HOW TO COMPLETE THIS TASK: Set down the lines below, exactly, starting at the one that contains "一次性环保彩色小清新派对节日甜品装饰果汁饮料奶茶创意纸质吸管 English | 投诉" and stopping at the last line, inclusive. Omit pictures.

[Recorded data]
%%
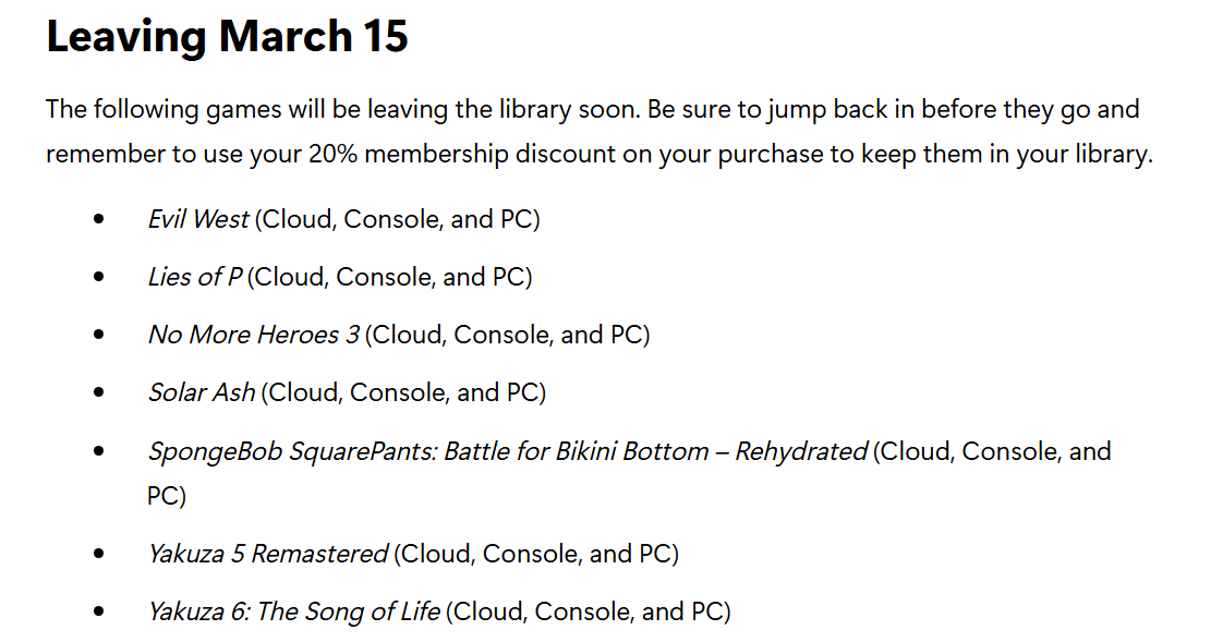 3月15日:《暗邪西部》 (云端/主机/PC),《匹诺曹的谎言》 (云端/主机/PC),《英雄不再3》 (云端/主机/PC),《太阳灰国》 (云端/主机/PC),《海绵宝宝:比基尼海滩之战 补充水分》 (云端/主机/PC),《人中之龙5 复刻版》 (云端/主机/PC)《Yakuza 6:The Song of Life》 (云端/主机/PC)
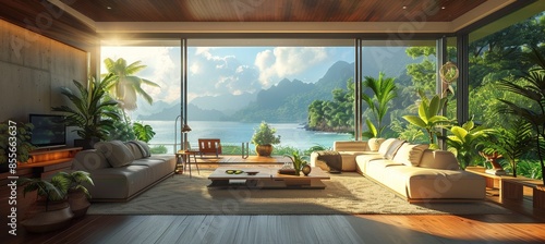 Modern Living Room with Large Windows and Lush Garden View
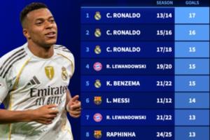 而在歐冠單賽季進(jìn)球排行榜上,姆巴佩距離C羅在2013/14賽季的17球紀(jì)錄還有6球之差。
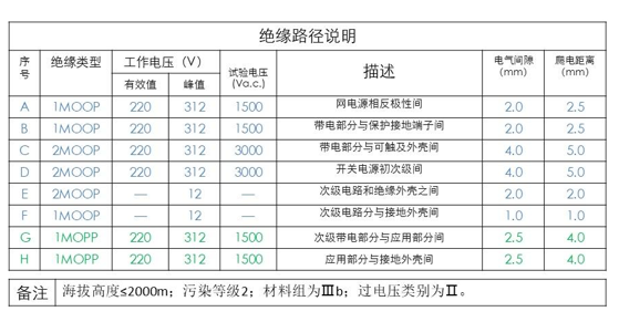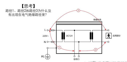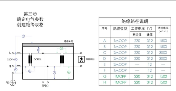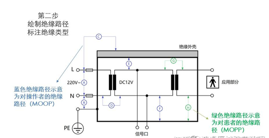 此类医用电气设备一般都包含8个最基本的绝缘路径:网电源相反极性之间(路径A),网电源带电部分与保护接地之间(路径B),网电源带电部分与未保护接地外壳之间(路径C),网电源开关电源初次级之间(路径D),次级电路与未保护接地外壳之间(路径E),次级电路与保护接地之间(路径F),次级电路与应用部分之间(路径G)和应用部分与保护接地之间(路径H)。这些基本路径又可分为对操作者的绝缘路径(MOOP)和对患者的绝缘路径(MOPP),建议用不同颜色或形状的线条来区分。
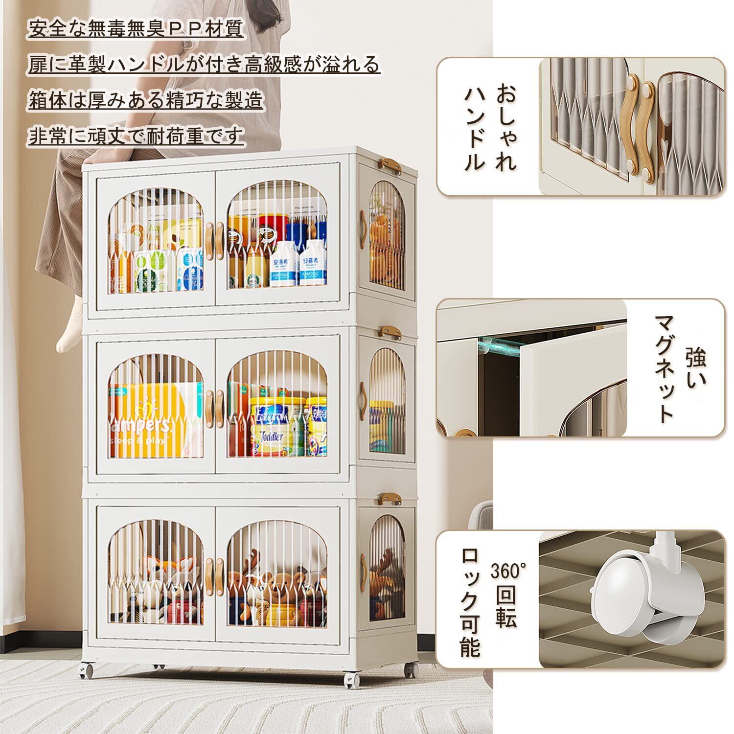 【四面から開く折りキャビネット】 従来の収納ボックスの悩みを解決する革新的な折りたたみ式キャビネット!360°回転可能なキャスターがついています。伝統的キャビネットに比べて移動しやすいです。収納ワゴンの移動性とキャビネットの防塵防湿の利点に合わせてこの多段収納ボックスが生まれた!側面三面と上蓋、4面から物を取り出せるので、大変便利です。キャビネットの位置制限の問題も解消されます。上部は平らで、上に物を置けます。装飾品や普段持ち歩くものを置いたりすることもできます。リビングルームの収納キャビネットとして、寝室のベッドサイドテーブルとして、クローゼットの中で衣類や布団を収納することも最適です!外観デザインがシンプルでおしゃれなので、どこに置いても素敵に見えます。ピクニックやキャンプに持っていくと、収納力が十分なだけでなく、外見も非常に魅力的で注目を集めます!
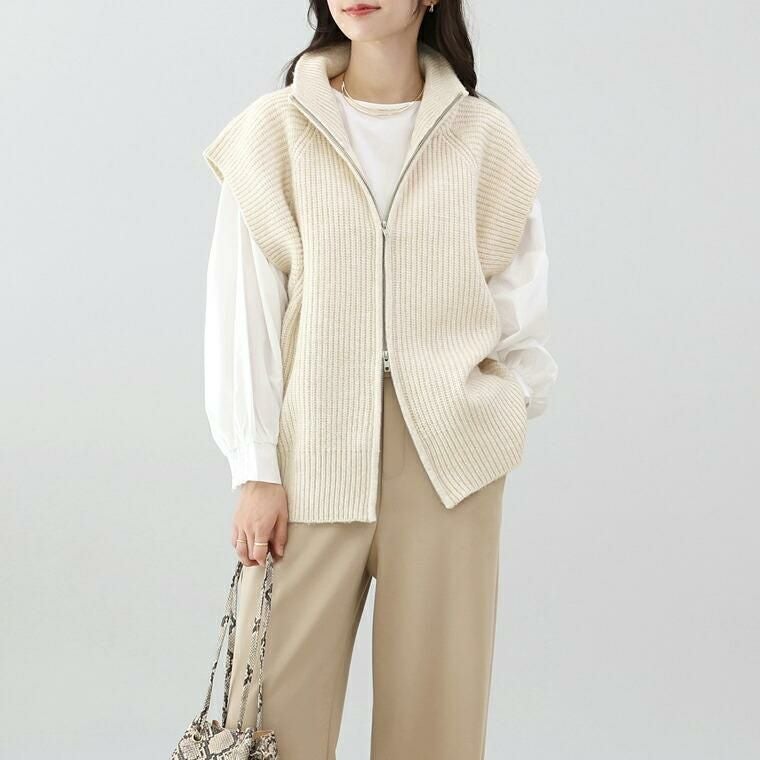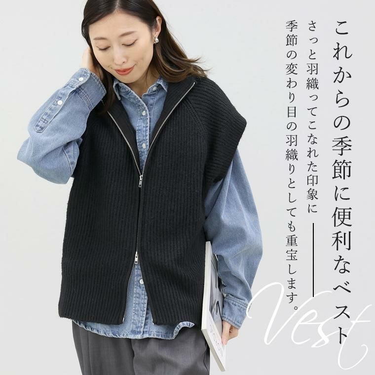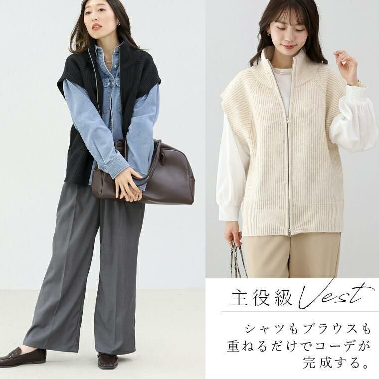 ベスト ニット ニットベスト ジレ 羽織り 羽織 はおり はお 前開き 5G ローゲージ ノースリーブ 伸縮 着やすい ハイネック ビッグカラー ジップ ダブルジップ 伸縮 シンプル 体型カバー 畔編み 片畔編み ラグラン 小顔 重ね着 防寒 温度調節 レイヤード リブ ゆったり 通勤 ロングシーズン きれいめ キレイめ 綺麗め 上品 おしゃれ お洒落 大人め ブラック 黒 ライトベージュ カラバリ豊富 大きめ 大きい ワンマイルウエア ワンマイルウェア レディースファッション 無地 ラクチン らくちん 楽ちん 動きやすい プラスサイズ 着痩せ 華奢見え 脚長 脚長効果 ゆったりサイズ ゆる すっきり カバー 体型カバー きちんと シンプル カジュアル ナチュラル ベーシック オフィス オフィスカジュアル テレワーク リモートワーク リモート 会議 食事会 ランチ 女友達 参観日 二次会 飲み会 上品 知的 女性らしい 女らしい 着映え オンライン飲み会 着回し 大人 大人カジュアル オトナ 女性 綺麗 きれい キレイ キレイめ 高見え 上質 上品 大きめ 大きい 大きいサイズ 体型カバー 華奢見え 着痩せ 細見え 着回し 大人 大人カジュアル オトナ 女性 綺麗 女性 女性服 アースカラー フリーサイズ レディースファッション ラクチン 楽 らくちん 楽ちん ノンストレス 動きやすい プラスサイズ 着回し プラスサイズ ゆったり ゆったりサイズ ゆる すっきり シンプル 無地 きれい キレイ きれいめ キレイめ 高見え 上質 高級感 母の日 プレゼント ギフト 贈り物 S M L LL 2L XL 20代 30代 40代 50代 おしゃれ パ―ト バイト 仕事 仕事用 ユニフォーム 春夏 春 夏 秋冬 秋 冬 お洒落 オシャレ かわいい 可愛い カワイイ かっこいい カッコいい FUNNY COMPANY ファニーカンパニー ふぁにーかんぱにー ファニカン
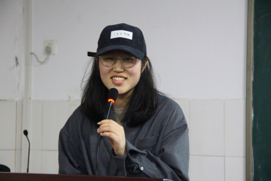 第三组的主讲人是唐人炜同学,他以图书馆数据统计、调查问卷、老师、学长学姐访谈三个阶段的调查过程为切入点来展开报告。在图书馆数据统计中,他们发现汉语言文学专业员工阅读情况并不乐观。在调查问卷结果显示中,纸质读物魅力依旧不减,而同学们也指出了图书馆的不足之处,表达了希冀图书馆能提供网络专区和图书专区的强烈愿望。
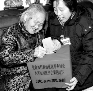 ← 2003年12月10日,北京市八宝山街道瑞达社区102岁的韩桂英(左)老人在家中投票选举石景山区人大代表,这是她第16次参加投票选举。
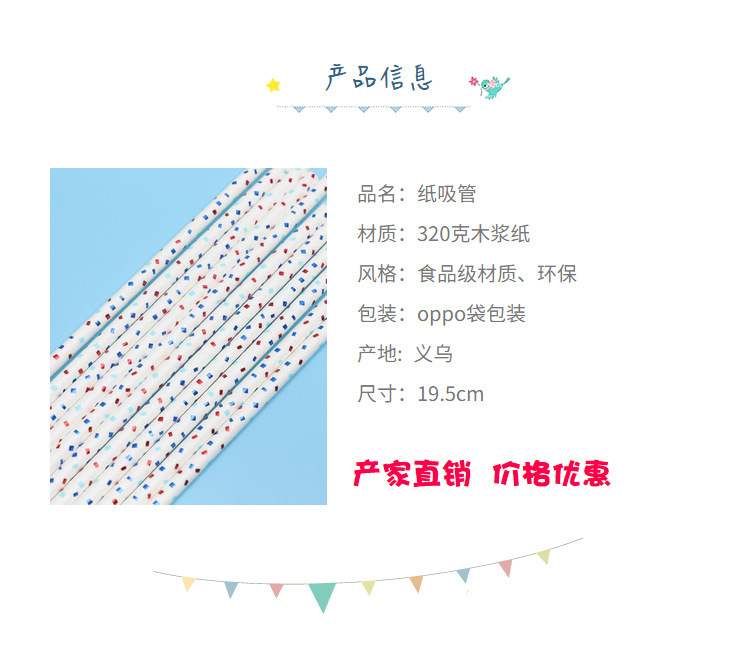 一次性环保彩色小清新派对节日甜品装饰果汁饮料奶茶创意纸质吸管 English | 投诉
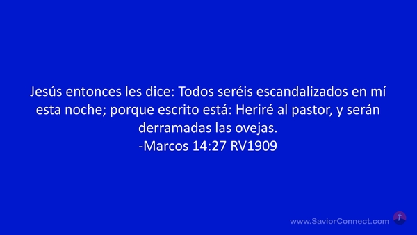 Jesús entonces les dice: Todos seréis escandalizados en mí esta noche; porque escrito está: Heriré al pastor, y serán derramadas las ovejas. -Marcos 14:27 RV1909
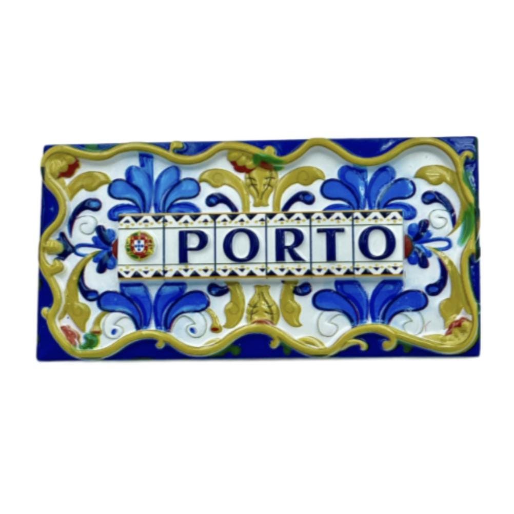 A cute souvenir from Portugal, a fridge magnet with beautiful Porto Portuguese tiles inspired designs
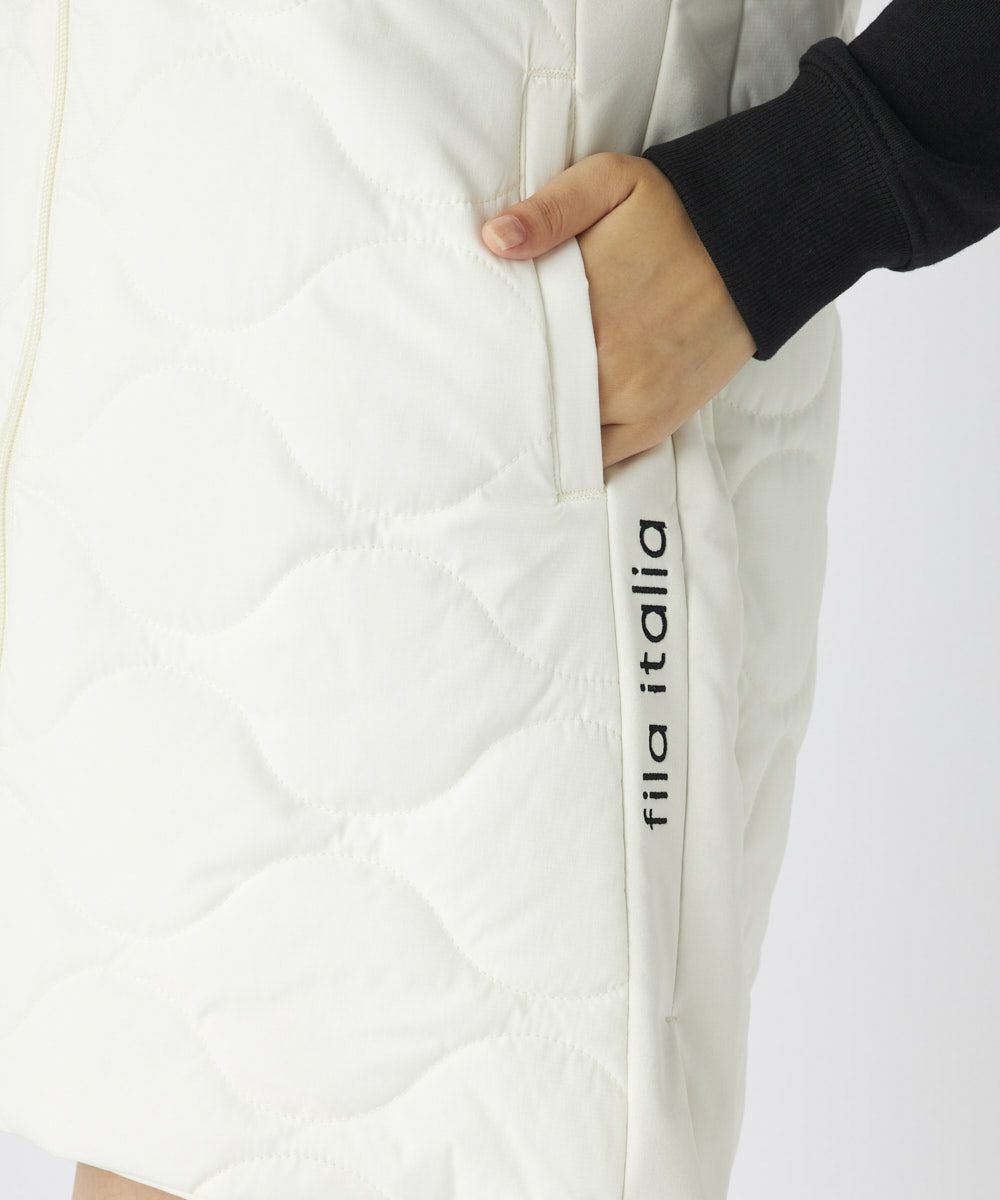 ストレッチタフタに中綿を施したキルト素材を使用。撥水加工、保温、蓄熱、ストレッチといった多機能性を備え、秋冬のラウンドを全天候で快適にサポートします。特に背中部分には蓄熱裏地を採用、また脇はストレッチ性の高いボンディング素材で切り替えることで、暖かさとスイング時の動きやすさを徹底的に追求しています。
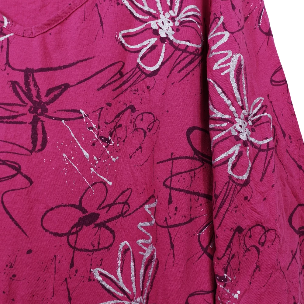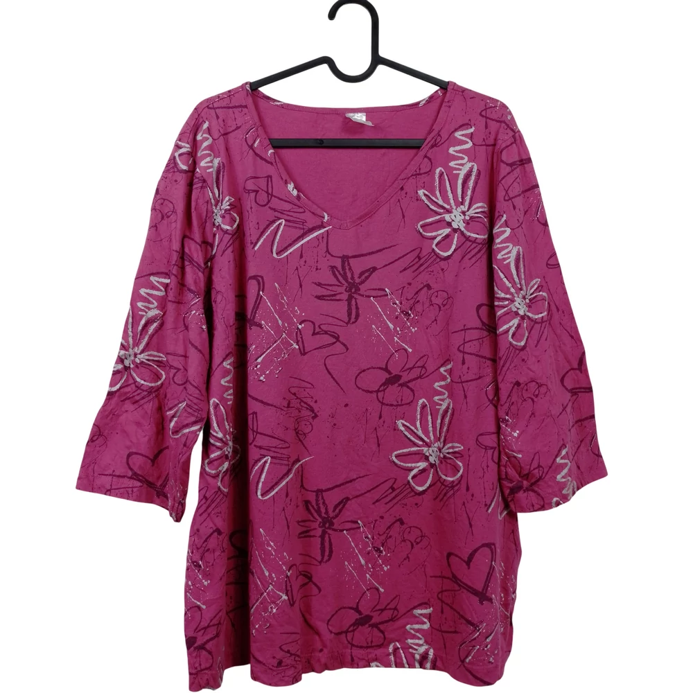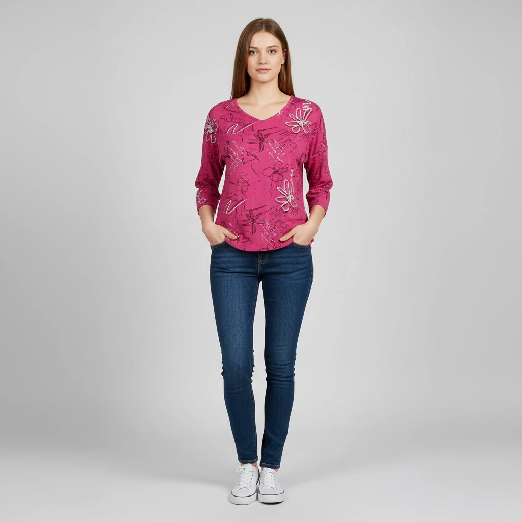 Mellrészén gombos, alján oldalt hosszított, mintás női felső
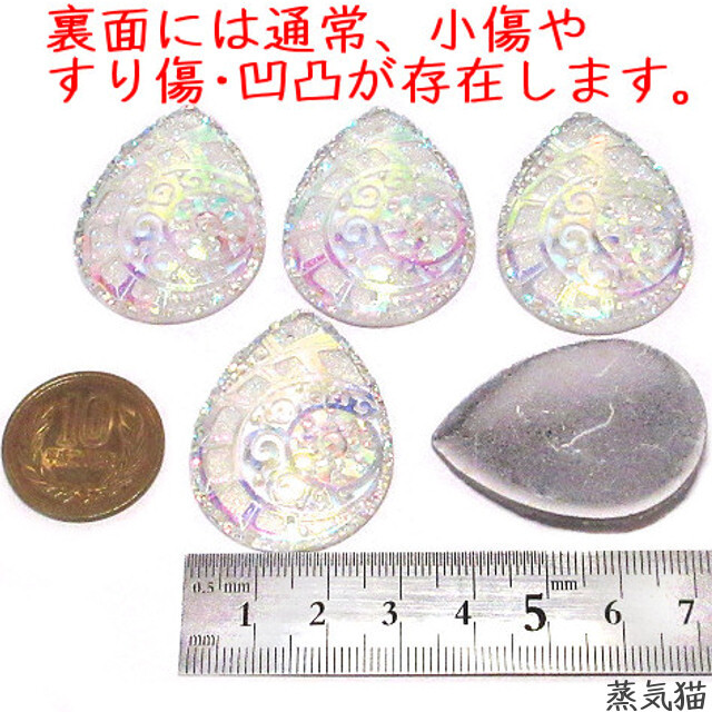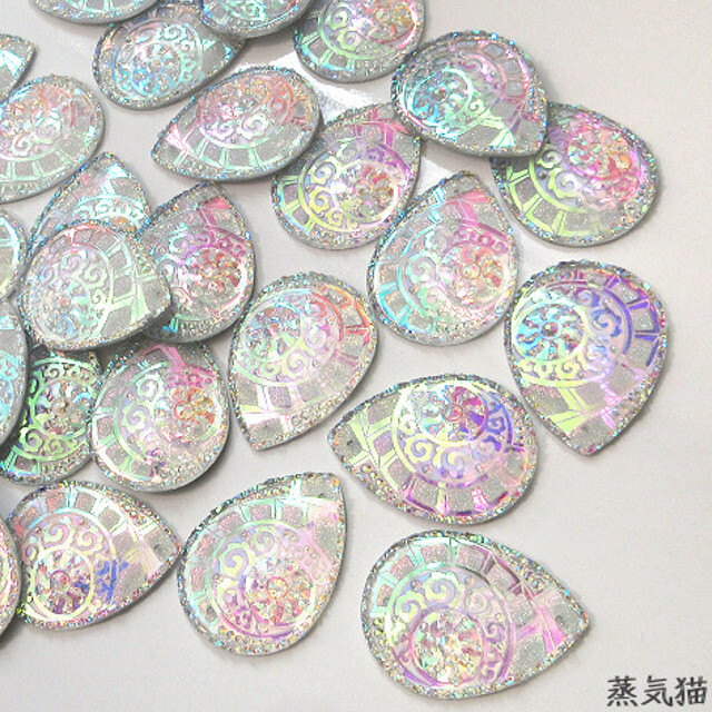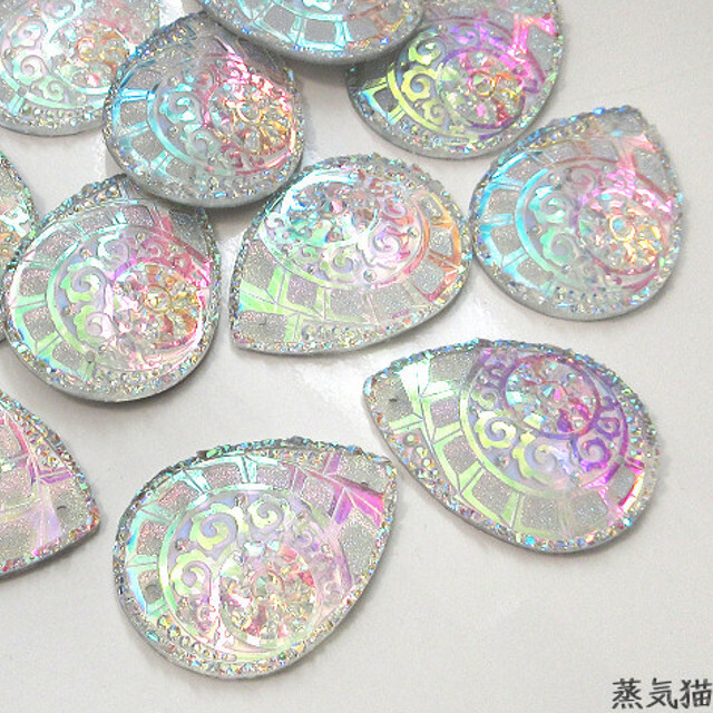 o8730 しずく型ビジュー不思議柄 39x29mm オーロラ5個【雫 虹色カボション 手作り手芸材料ハンドメイド アクセサリー素材】蒸気猫パーツ
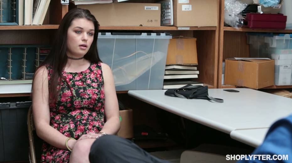 Arrested bitch Anastasia Rose is undressing during interrogation
%%
ANSWER TO THE EXERCISE:
 一次性环保彩色小清新派对节日甜品装饰果汁饮料奶茶创意纸质吸管 English | 投诉
 Jesús entonces les dice: Todos seréis escandalizados en mí esta noche; porque escrito está: Heriré al pastor, y serán derramadas las ovejas. -Marcos 14:27 RV1909
 A cute souvenir from Portugal, a fridge magnet with beautiful Porto Portuguese tiles inspired designs
 ストレッチタフタに中綿を施したキルト素材を使用。撥水加工、保温、蓄熱、ストレッチといった多機能性を備え、秋冬のラウンドを全天候で快適にサポートします。特に背中部分には蓄熱裏地を採用、また脇はストレッチ性の高いボンディング素材で切り替えることで、暖かさとスイング時の動きやすさを徹底的に追求しています。
 Mellrészén gombos, alján oldalt hosszított, mintás női felső
 o8730 しずく型ビジュー不思議柄 39x29mm オーロラ5個【雫 虹色カボション 手作り手芸材料ハンドメイド アクセサリー素材】蒸気猫パーツ
 Arrested bitch Anastasia Rose is undressing during interrogation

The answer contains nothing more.